KH. Ali Mustafa Yaqub: Sulit Mencari Dalil yang Mengharamkan Menari dan Menyanyi

KH. Ali Mustafa Yaqub: Sulit Mencari Dalil yang Mengharamkan Menari dan Menyanyi

Dalil yang mengharamkan menyanyi dan menari secara tegas hampir tidak ada, karena itu masuk dalam ranah muamalah.

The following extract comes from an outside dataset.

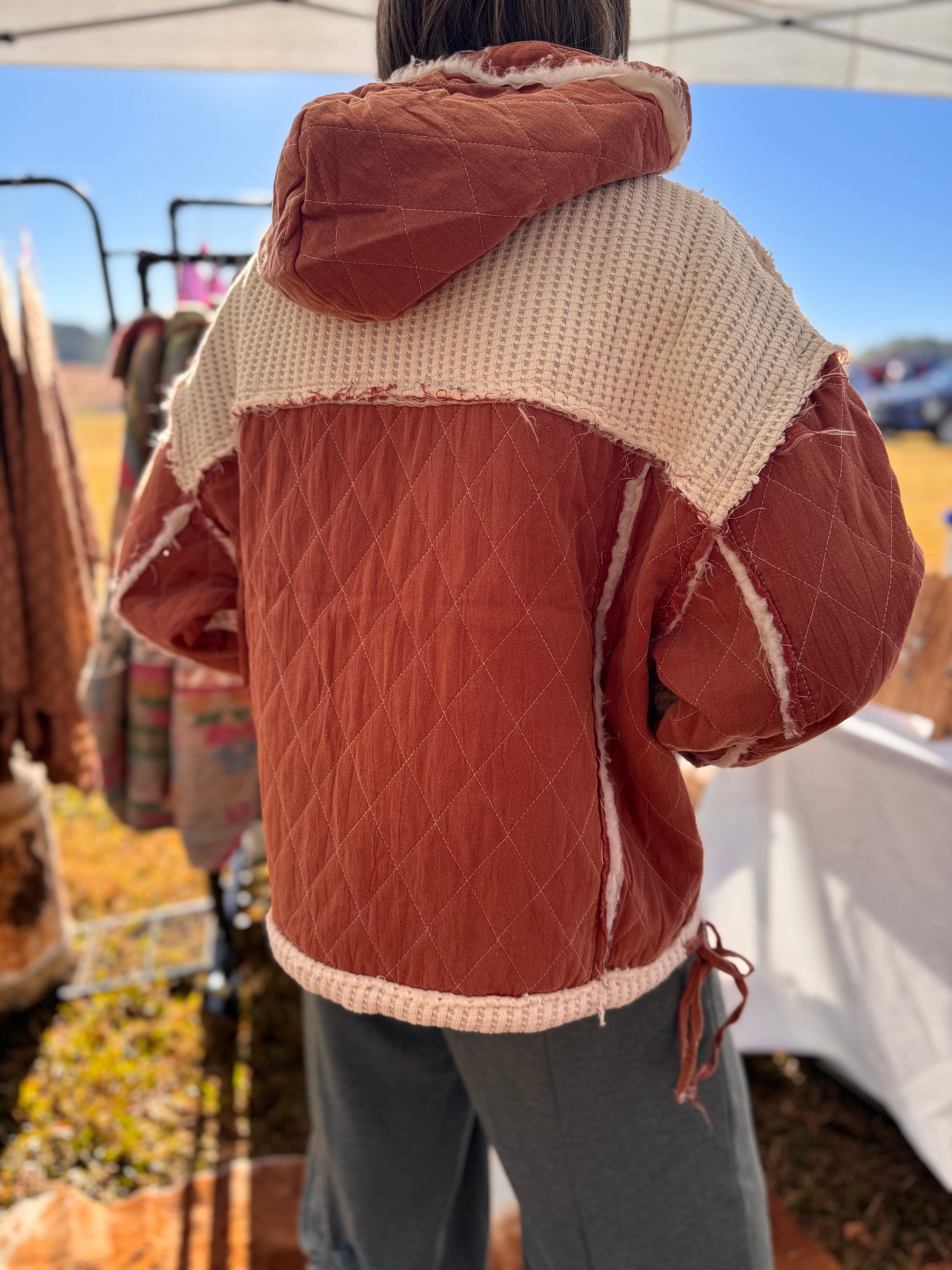 Designed in ballon style sleeve relaxed fit hoodie top in quilting with thermal patch, front pocket, embroidery point, adjustable bottom opening detail, vintage wash, solid color.
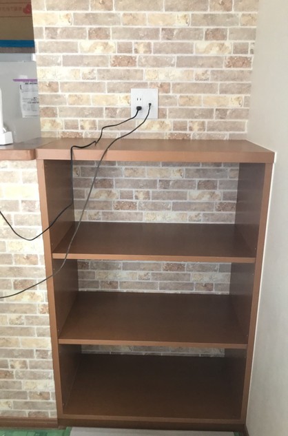 「棚の間から壁紙が見えるようにしたい」との奥様からのご希望で施工致しました**

KH. Ali Mustafa Yaqub: Sulit Mencari Dalil yang Mengharamkan Menari dan Menyanyi

Ajaran Islam universal. Relevan dengan setiap kondisi masa dan tempat. Islam juga mengapresiasi budaya lokal, selama tidak bertentangan dengan syariat Islam. Mantan Imam Besar Istiqlal Prof. Dr. KH. Ali Mustafa Yaqub menegaskan bahwa kita harus arif terhadap budaya lokal. Kalau tidak bertentangan dengan syariat Islam, tidak harus ditolak. Sebaliknya, apa yang dilakukan Rasulullah yang berkaitan dengan budaya tidak mesti juga diikuti.

Almarhum KH. Ali Mustafa Yaqub memberi contoh dalam hadis shahih dikatakan a’linun nikaha bil dhufuf (umumkan pernikahan dengan rebana). Rebana itu alat musik yang dikenal pada masa Rasulullah SAW. Rebana adalah bagian dari budaya. Kalau muslim Indonesia mengadakan pesta pernikahan dengan mengundang group rebana itu boleh, tapi ingat bukan wajib. Kalaupun tidak mau rebana, tapi menggunakan alat musik lokal itu juga tidak apa-apa. Sebab apa yang disampaikan Rasul dalam hadis itu berkaitan dengan budaya, bukan agama.

Terkait praktik kesenian, seperti menari dan menyanyi, menurut pendiri Pesantren Ilmu Hadis Darus-Sunnah ini sulit mencari dalil yang mengharamkannya. Beliau mengakatan, “Saya mencontohkan menari atau menyanyi misalnya, kalau kita cari, dalil yang mengharamkan sulit untuk mencari dalil yang mengharamkan menari. Maka seorang istri boleh aja menari untuk suaminya di dalam kamar.”

Dalil yang mengharamkan menyanyi dan menari secara tegas hampir tidak ada, karena itu masuk dalam ranah muamalah. Kaidah mengatakan, “Al-Ashlu fil Mu’amalah al-Ibahah/asal hukum dari muamalah adalah boleh”. Menyanyi dan menari masuk dalam kategori muamalah. Hukumnya boleh selama tidak ada dalil yang melarang. Menari dan menyanyi bisa masuk pada ranah keharaman bila kandungan syair, cara bernyanyi, dan menarinya, tidak sesuai dengan nilai-nilai Islam.

“Dalil yang mengharamkan tidak ada. Itu masuk wilayah yang namanya muamalah, al-ashlu fil mu’amalah al-ibahah. Menyanyi juga demikian, tapi kalau menyanyi itu syairnya kalimat-kalimat yang batil, kalimat yang mengandung kemusyrikan misalnya, penampilannya, yang menyanyi perempuan misalnya dengan busana yang sangat minimalis, ditonton oleh mata laki-laki, melupakan shalat dan sebagainya, itu baru, keharamannya sangat jelas sekali” Tegas KH. Ali Mustafa Yaqub.

Tarian dan nyanyian itu perlu dilihat dari dampaknya, kalau dampaknya positif dan praktinya tidak melanggar syariat Islam hukumnya boleh, tapi kalau dampaknya negatif dan mengarah pada kemaksiatan, serta praktik dan ekspresinya bertentangan dengan nilai-nilai Islam, hukumnya haram.